Тит Ливий отзывался о них столь нелестно отнюдь не потому, что они были откупщиками, а из-за их исключительных по своей наглости и подлости афер. «Эти люди, поскольку гибель груза отправленного войску и затонувшего в бурю, ложилась долгом на государство, выдумывали кораблекрушения, которых не было; даже действительные, о которых они докладывали, были подстроенными, а не случайными. Старые разбитые суда нагружали малым количеством дешёвого товара, выводили суда в открытое море, моряков пересаживали в приготовленные заранее лодки, топили суда и лживо заявляли о множестве погибших товаров»

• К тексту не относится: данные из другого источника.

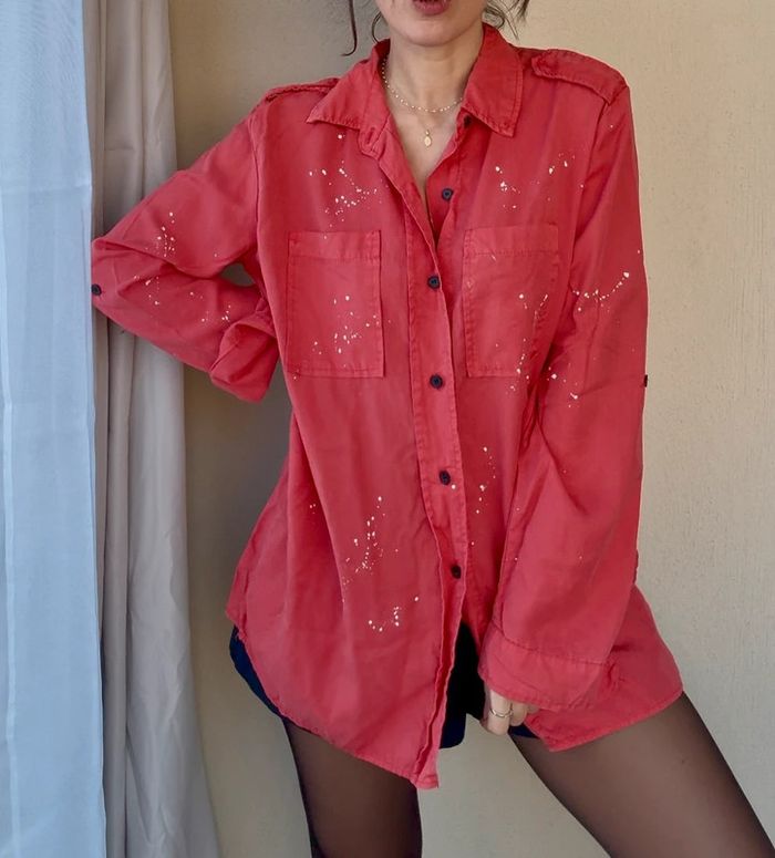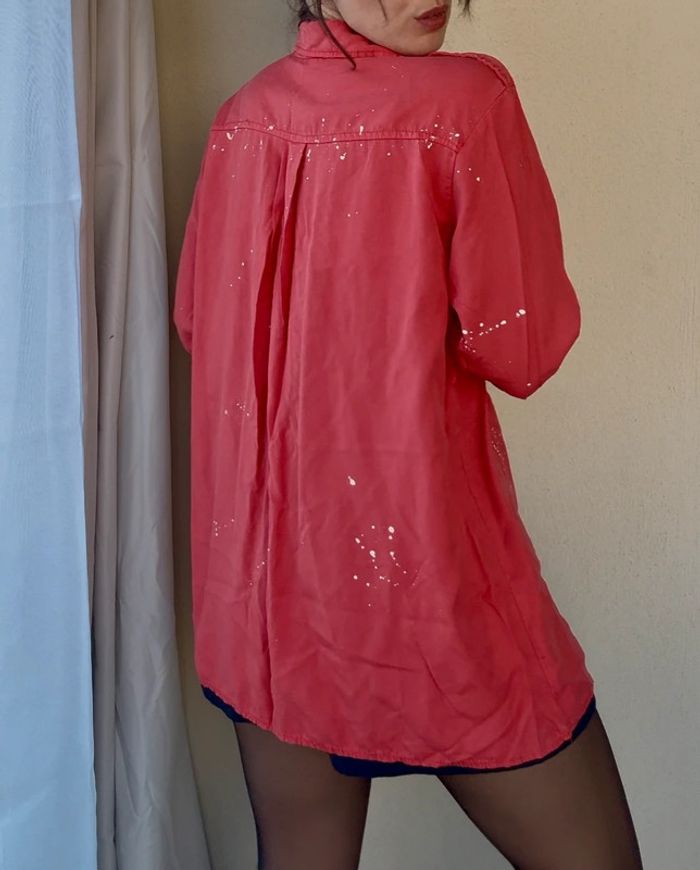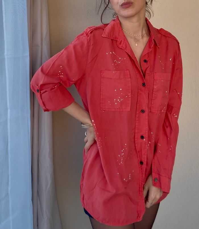 chemise coupe droite Matière : lyocell Couleur : rouge Motif : éclats de peinture blanche taille unique made in Italy Légère et agréable à porter Les manches se portent longues ou 3/4 (cf photo 2) Très bon état #chemiserouge #chemisey2k #chemisecoupedroite #madeinitaly #chemisemadeinitaly #chemiserougemadeinitaly
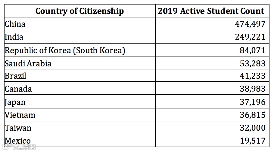 在这152万多留学生中,留学生人数排前三的国家分别是中国、印度和韩国。其中有47.4万多人来自中国,中国留学生人数占2019学年美国总留学生人数的三分之一,是排名第十墨西哥留学生人数的24倍。
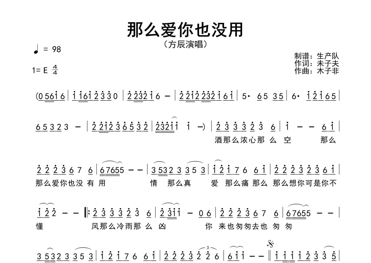 《那么爱你也没用》是方辰演唱的一首歌曲,原版简谱,拍号为4/4拍,歌曲速度为每分钟98拍,这份简谱共有一张高清图谱,图谱由 @生产队 编配上传方辰演唱的歌曲《那么爱你也没用》原版简谱,含精准的前奏、间奏、尾奏solo编配,精编完美版,优质推荐!。
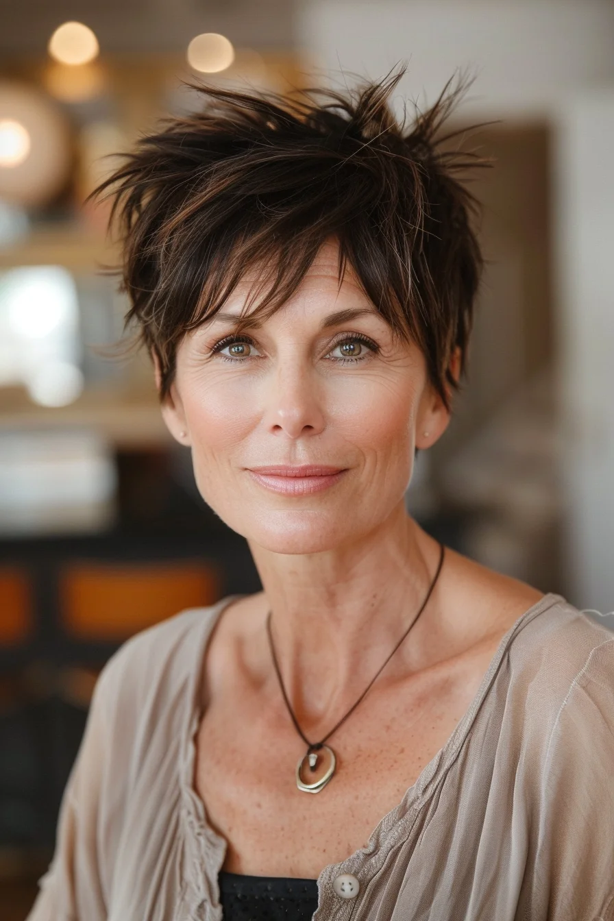 This edgy pixie cut features spiky, textured layers that add a dynamic and youthful flair.
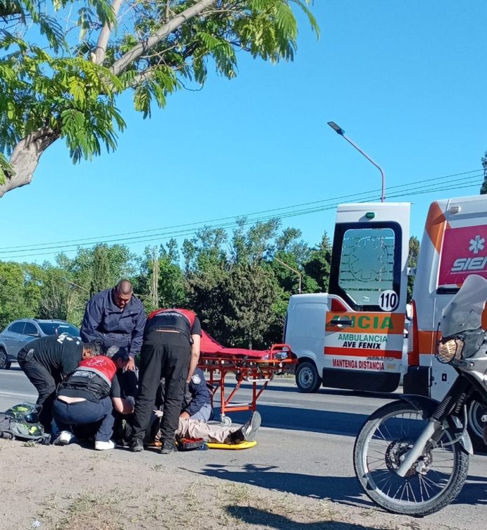 La ambulancia del SIEN arribó al lugar para asistir a la persona lastimada que generó el hecho y al resto de los involucrados asustados por lo vivido.
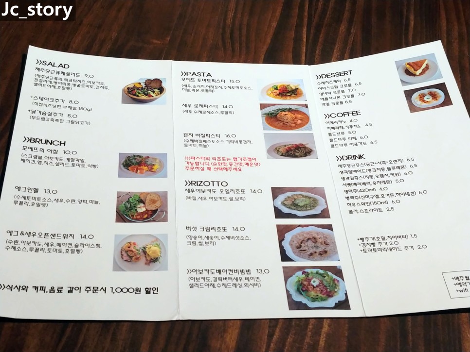 크게 샐러드, 브런치, 파스타, 리조또, 디저트, 음료 등으로 나뉘는데요.
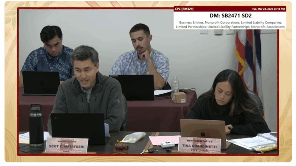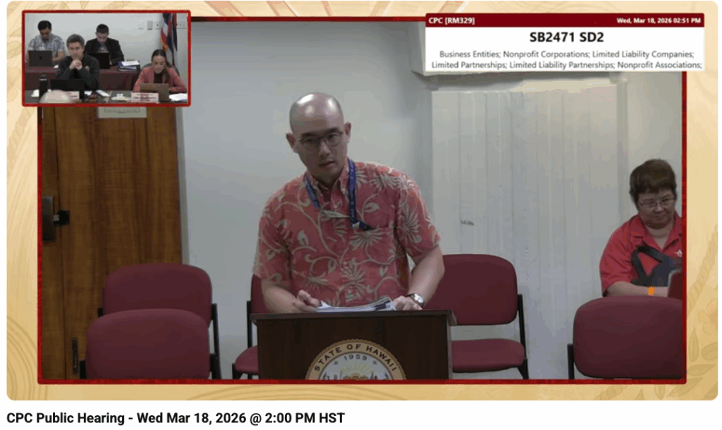 SB 2471 is still evolving. Rep. Scot Matayoshi, chair of the House Consumer Protection and Commerce Committee, amended it by deleting language that restricted the authorized purposes of nonprofit corporations to only charitable or public-benefit purposes.
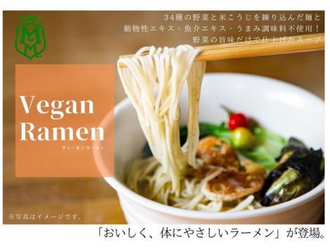 ■ヴィーガン味噌ラーメン 麺〔小麦粉(国内製造)、野菜ペースト(グリーンリーフ、小松菜、ケール、米麹、その他)、食塩/かんすい〕、スープ〔米みそ(大豆、米、食塩)、しょうゆ、砂糖、ごま、エキス(野菜、酵母)、豆板醤、食塩、にんにく、しょうが、香辛料/酒精〕、(一部に小麦・大豆・りんご・ごまを含む)
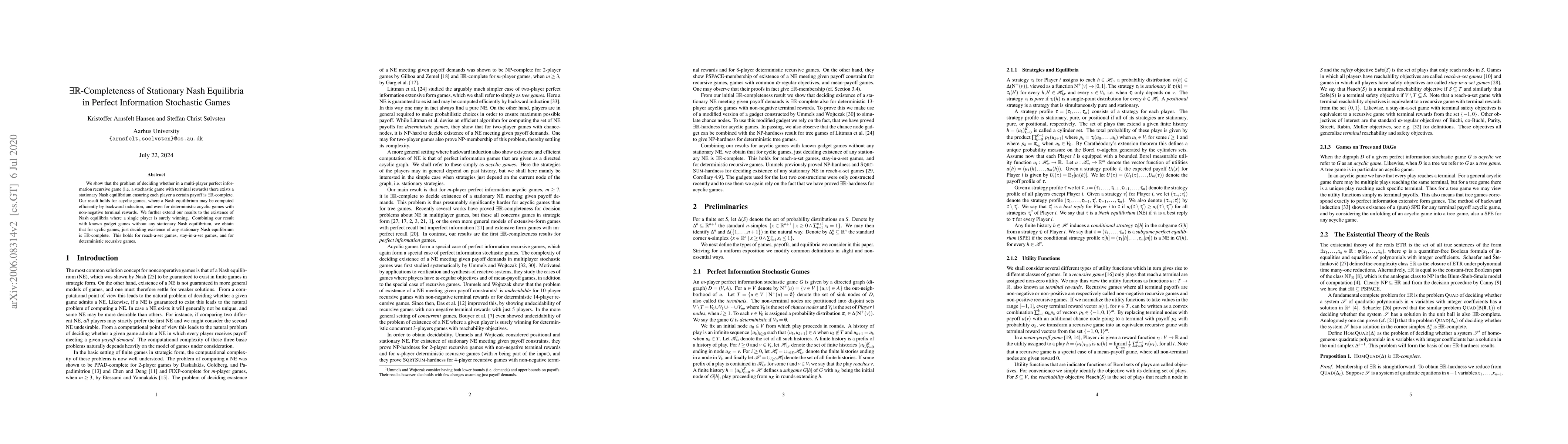 This paper demonstrates that determining the existence of a stationary Nash equilibrium in multi-player perfect information stochastic games is complete for the Existential Theory of the Reals. It applies to both acyclic and cyclic games, showing complexity differences based on game structure.
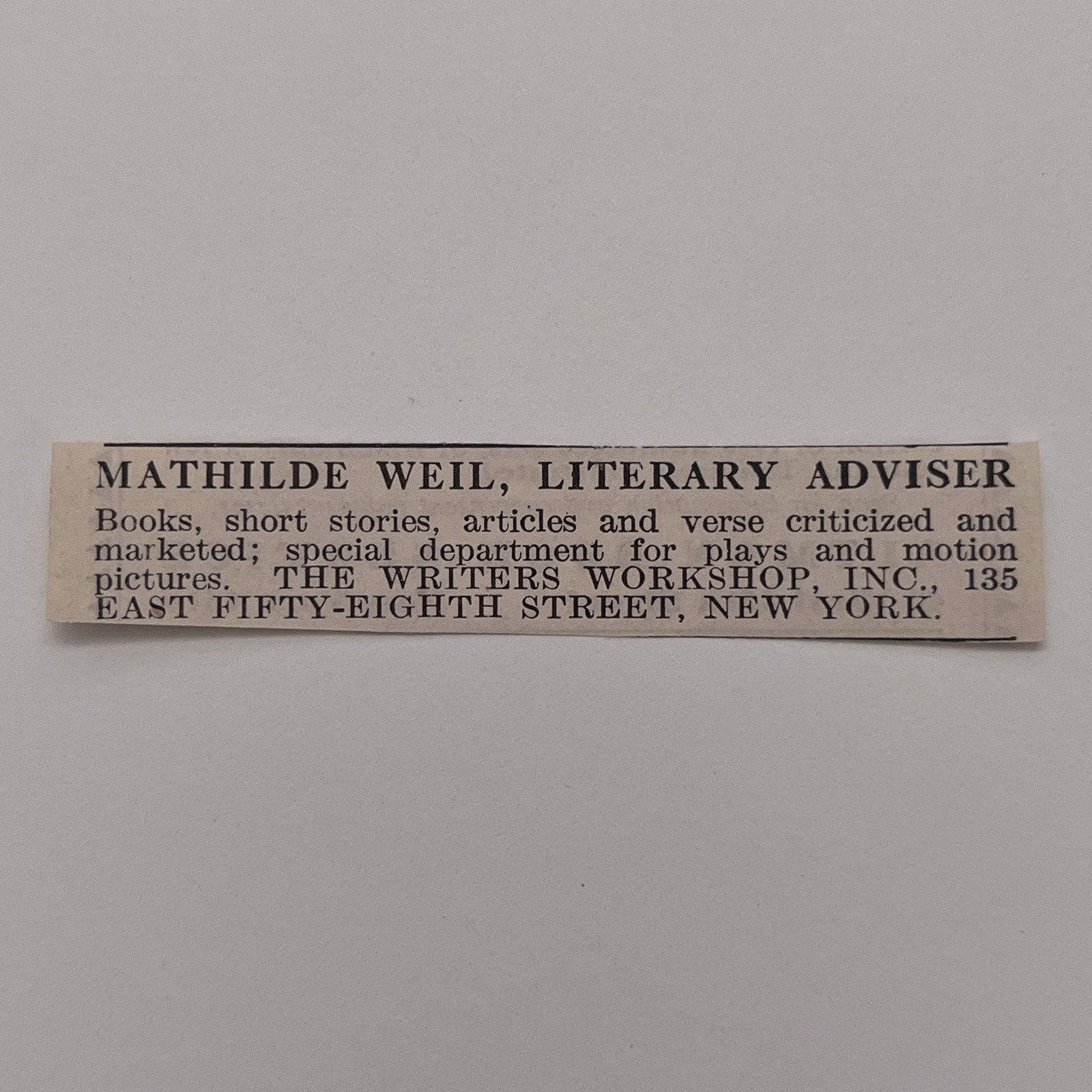 Mathilde Weil Literary Adviser The Writers Workshop Inc NY 1926 Ad AG3-S8
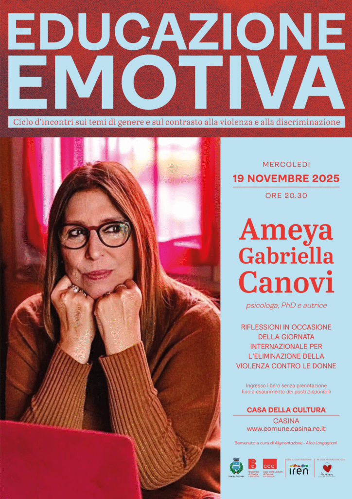Torna anche la rassegna Educazione Emotiva, nata nel 2022 e che negli anni si è strutturata come un percorso articolato, che ha visto il coinvolgimento di professionisti del settore psicologico, ma anche artisti, autori e figure del panorama culturale italiano. Mercoledì 19 novembre, alle ore 20.30, alla Casa della Cultura – Biblioteca di Casina, torna Ameya Gabriella Canovi, psicologa, PhD, autrice e divulgatrice tra le voci più autorevoli in Italia su relazioni e dipendenze affettive. Con il suo linguaggio diretto e profondamente umano, l’autrice guiderà il pubblico in un incontro di riflessione e ascolto condiviso. L’ingresso è gratuito e senza prenotazione, fino a esaurimento dei posti disponibili.
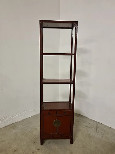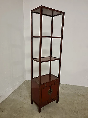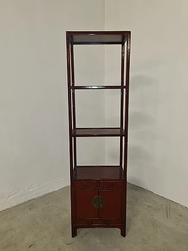 Libreria in legno laccato con vano portaoggetti e cassetti, anni '40
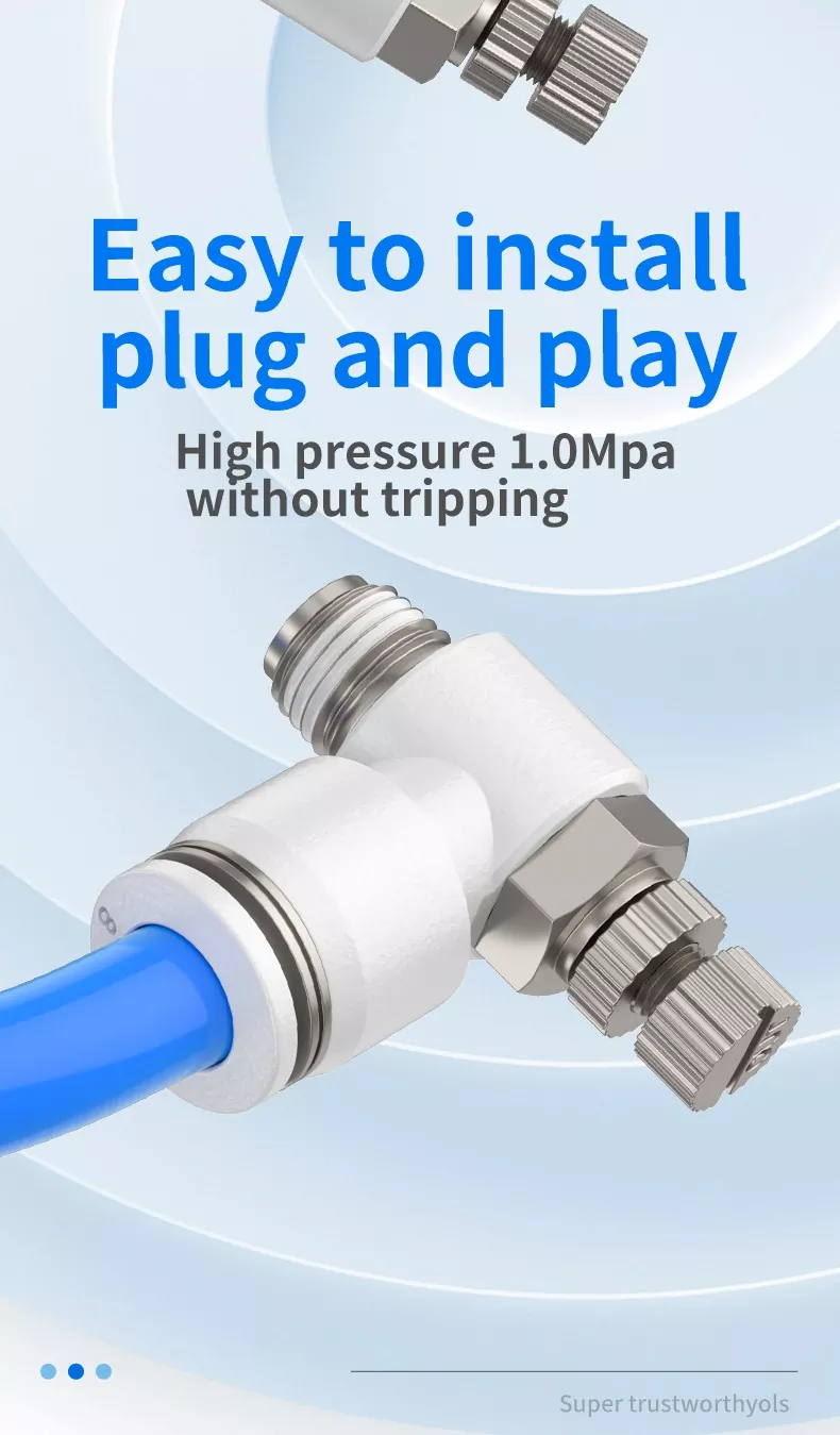 అమరికల ముగింపు నుండి ప్రవహించే గాలిని నియంత్రించండి. థ్రెడ్ ఎండ్ నుండి బయటకు ప్రవహించే ఫిట్టింగ్ల నుండి వచ్చే గాలి పరిమితి లేకుండా ఉంటుంది.
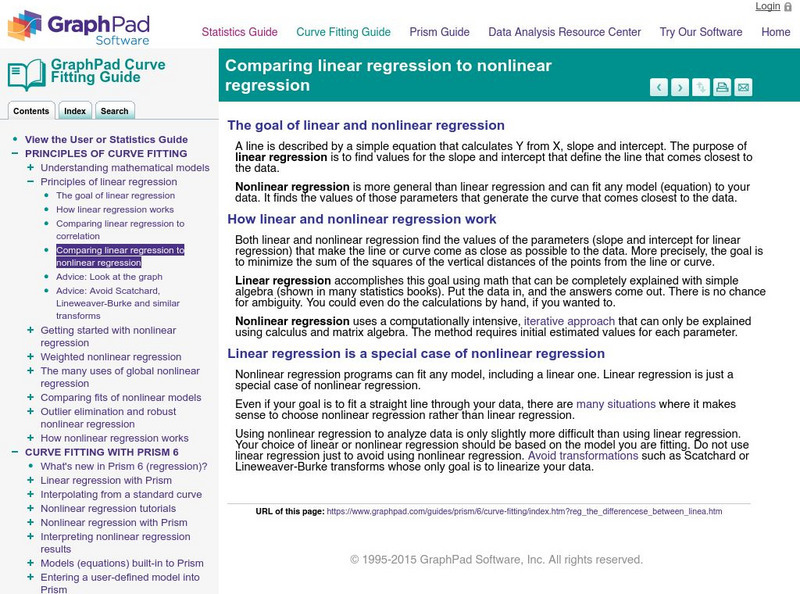 Graph pad.com: Comparing Linear Regression to Nonlinear Regression

[Т. Liv., XXV, 3, 10–11]. Их преступления отнюдь не остались тайной для римских властей. В 213 г. до н. э. претору Марку Эмилию донесли об обмане, а он, в свою очередь, доложил обо всём сенату, но покарать преступников оказалось не так-то просто: «сенат никакого решения не вынес, так как сенаторы не хотели в такое время задевать сословие откупщиков» [Т. Liv., XXV, 3, 12]. Поскольку дело получило громкую огласку, замять его не удалось — вопрос был вынесен на рассмотрение народного собрания. В отличие от сената, «народ строже осудил обман; Спурий и Луций Карвилии, народные трибуны, были возмущены таким отвратительным бесстыдством и присудили Марка По-стумия к штрафу в двести тысяч ассов» [Т. Liv., XXV, 3, 13]. Но и этим дело не кончилось. Остальные откупщики восприняли такое решение как посягательство на свои интересы и устроили беспорядки. Сначала они потребовали от ещё одного народного трибуна, Гнея Сервилия Каски, приходившегося родственником Постумию, чтобы тот, воспользовавшись своим правом трибуна, запретил голосование, а когда Каска ввиду очевидности преступления побоялся это сделать, откупщики просто устроили беспорядки, сорвав голосование и не дав гражданам утвердить постановление народных трибунов. Можно себе представить, насколько мало заботила откупщиков справедливость, если они так яростно защищали явного проходимца, и можно представить себе, насколько велики были их возможности, если они смогли сорвать проведение народного собрания всех граждан города! Однако это уже не на шутку озаботило римскую элиту — консулов и сенаторов — и было расценено как посягательство на их собственную власть, делиться которой они ни с кем не собирались — «сенат решил, что была применена сила против государства и подан опасный пример» [Т. Liv., XXV, 4, 7].Теперь уже Марком Постумием и его сообщниками занялись всерьёз. Постумий, используя все юридические уловки, пытался оттянуть суд, но с ним уже не церемонились, постановив имущество его распродать, а самого «лишить воды и огня»,
т. е. изгнать из города. Досталось и другим не в меру обнаглевшим откупщикам — часть из них попала в тюрьму, а многие из оставшихся на свободе предпочли на всякий случай добровольно отправиться в изгнание.Надо сказать, что, при всём при том, преступников всё же покарали, но случилось это прежде всего из-за того, что откупщики зарвались. В целом же мощь римской государственной машины была использована для наказания виновных далеко не полностью — несмотря на огромные хищения и вредительство, совершённые в период войны, никто из виновных даже не был казнён, хотя римские полководцы запросто казнили солдат и простолюдинов, виновных в краже имущества на жалкие несколько медных ассов. Римская элита в вопросах о хищениях всегда придерживалась двойных стандартов. Во многом это объяснялось тем, что откупщики, как правило, были вольноотпущенниками или клиентами римской знати и делились с нею своими доходами.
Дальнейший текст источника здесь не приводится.